He added, “But the father, Clyde Trask, he got married a year later to a woman named Marilyn Smith.” William spoke the word “Smith” with disdain. “And he stayed married to her for fifty years. They had some boys together.”
I reached and squeezed his hand. I said, “Pillie, we’re going to get this all figured out. We’re going to deal with everything, don’t you worry.”
He said, “Well, you deal with things, that’s for sure.”
I said, “Are you kidding? I don’t deal with anything!”
And he said, “Lucy. You deal with everything.”
* * *
In the taxi on the way back to my apartment that night I thought how I had left William in a similar way, only with more warning. And I had not taken anything except for some of my clothes. But I had told him I wanted to move out. I had told him that I had an image of myself as a bird, folded up in a box, living with him. He could not understand that, and I do not blame him. I got a small apartment just a few blocks away from the brownstone we lived in in Brooklyn then. But I did not move out for almost a year, and then when he was at work one day—it was a Monday and I picked up the phone and I called a mattress store and within two hours a mattress had been delivered to my tiny apartment, and I thought: Oh God, Lucy. Or maybe I didn’t think anything. I was just terrified. So I put a bunch of things in a garbage bag and I walked the garbage bag over, and I bought one pan at a drugstore and also one fork and one plate. And I called William and I told him I had moved out.
I always remember his voice that day. He said, “You have?” His voice was so small. “You’ve moved out?”
* * *
—
It was good of him, I thought in the taxi, not to remind me of this today.
* * *
—
I also thought about Estelle, and I thought—I assumed this—that she could not have done this if she was not involved with another man. I had not mentioned that to William. I wondered who he was, if he was the theater fellow she had said to that night in the kitchen, “Are you bored to death?” It made me angry to think of her. Jesus, I thought, I can’t stand you. She had hurt William, and I couldn’t stand her for that.
* * *
—
About Catherine, I did not think a great deal right then. I was more concerned with that empty apartment that William was inside right now. Although in my distress for him, some kind of unpleasantness I felt toward Catherine emerged as well.
* * *
The night I found out about William’s affairs—he had been having more than one—our girls were in bed, they were teenagers by then, and it was around midnight, and he finally told me, in small bits of information and then larger ones. Two days earlier I had found a credit card receipt that I had taken from his pocket to prepare the shirt for the cleaners; it had been for a dinner for apparently two people—this is what the price seemed like to me—at a restaurant in the Village, and he had told me that he was working late that night. I was scared as I showed him the receipt and asked him about it. When he saw the receipt he (I thought) seemed taken aback, but he said that a woman he worked with was having trouble so he had had dinner with her. Why hadn’t he told me? I cannot now remember what he said, but it was reassuring and it had assuaged me—sort of. (For a few years at that point I had had dreams that he was cheating on me, and every time I told him William would speak to me kindly and say, “I have no idea why you would be dreaming that.”) But that evening we had had friends over and the woman of the couple went up on the roof with me to have her cigarette and she told me she had been having an affair with a man in Los Angeles. “The sex is great,” she said, inhaling. “The sex is amazing.”

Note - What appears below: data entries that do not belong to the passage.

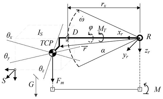 Figure 10 shows the basic physical principles for the MCI determination algorithm. For mass determination of a body of unknown CoG, a lever system with two known lengths, r1 and r2, is used to measure the torque at two measurement points: M1 and M2. The interface position D, as well as the coordinate transformation from robot to body R→S, is known.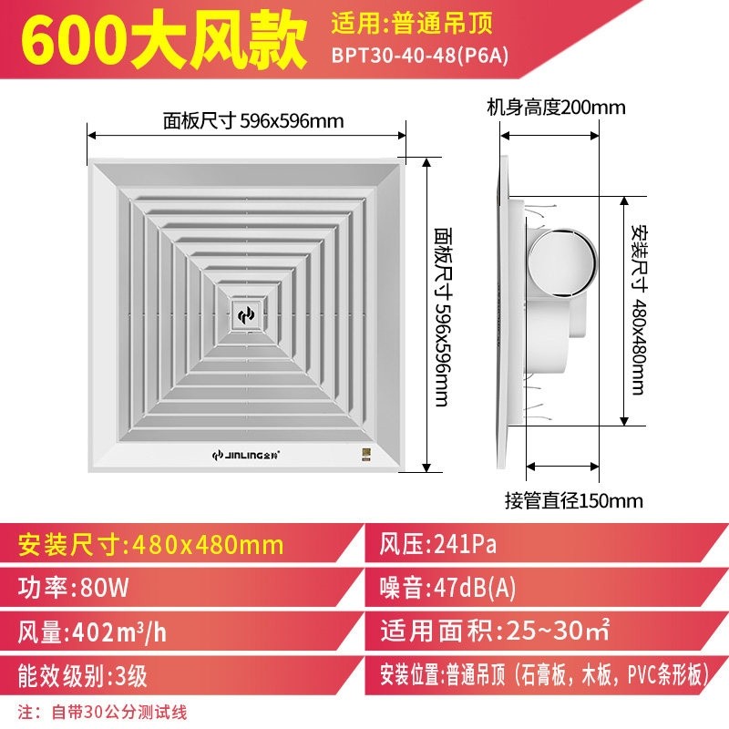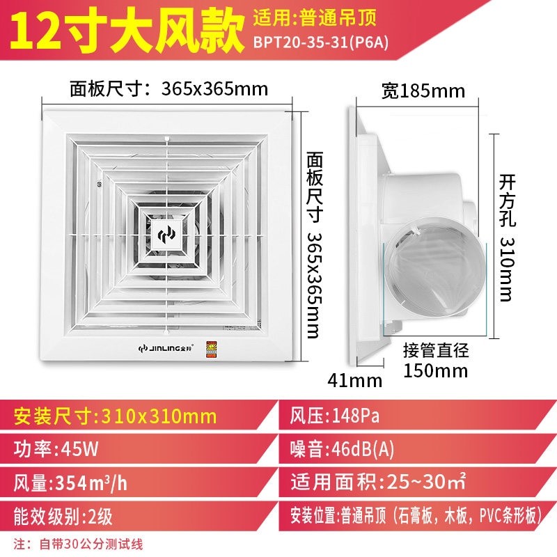 金羚卫生间排风扇吸顶式排气扇石气扇强力静音大风量款膏板吊顶换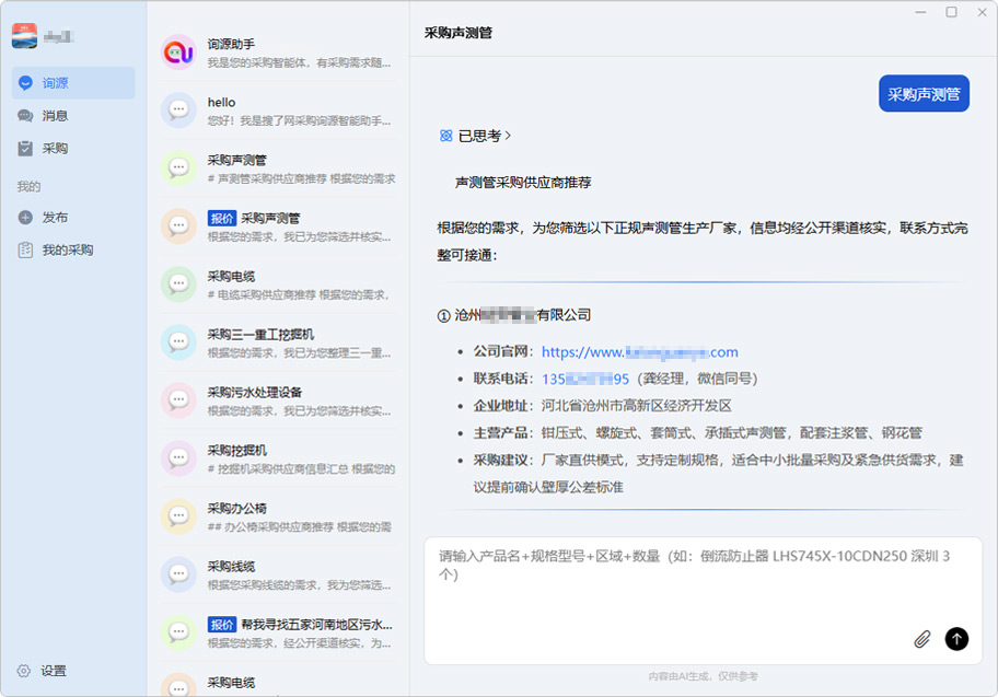 AI采购询源助手是AI智能驱动的高效采购寻源与询价系统,专为采购经理。利用先进的AI算法和大数据分析技术,帮助用户高效地搜索所需的采购产品,并精准匹配到优质的供应商资源。无论是日常办公用品、工业原材料还是高端定制设备,采购询源智能助手都能提供全面的支持,让您的采购流程更加顺畅、高效。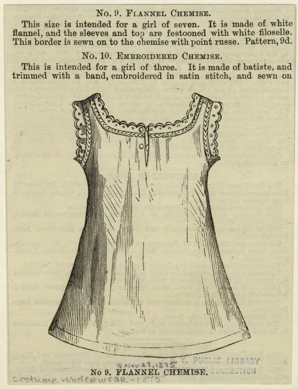 Típicamente las mujeres usaban la "chemise" debajo de la enagua y posteriormente por debajo del corsé.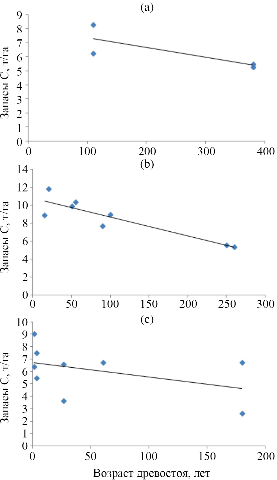Рис. 3. Изменения запаса углерода в корневом детрите в зависимости от возраста древостоя: a – лиственничники северной тайги; b – сосняки средней тайги; c – горно-таежные сосняки и пихтарники.

And when she said that to me I knew. About William. I don’t know why, but that was the moment I knew, and when we came downstairs I looked at William and I believe he saw in my look that I knew, and we waited for the guests to leave and then the girls to go to bed, and I told him what the woman had said, and after a while he confessed. First to one, and then to a couple of others. There was a woman that William worked with that he seemed to care for especially, although he said he was not in love with any of them. But he did not tell me about Joanne for another three months. And when he told me about Joanne I thought I might die. I had already thought I would die hearing about the other women. But this woman, Joanne, had been in our house countless times, she had brought the girls to see me in the hospital one summer when I was sick, she had been a friend of mine as well as my husband’s.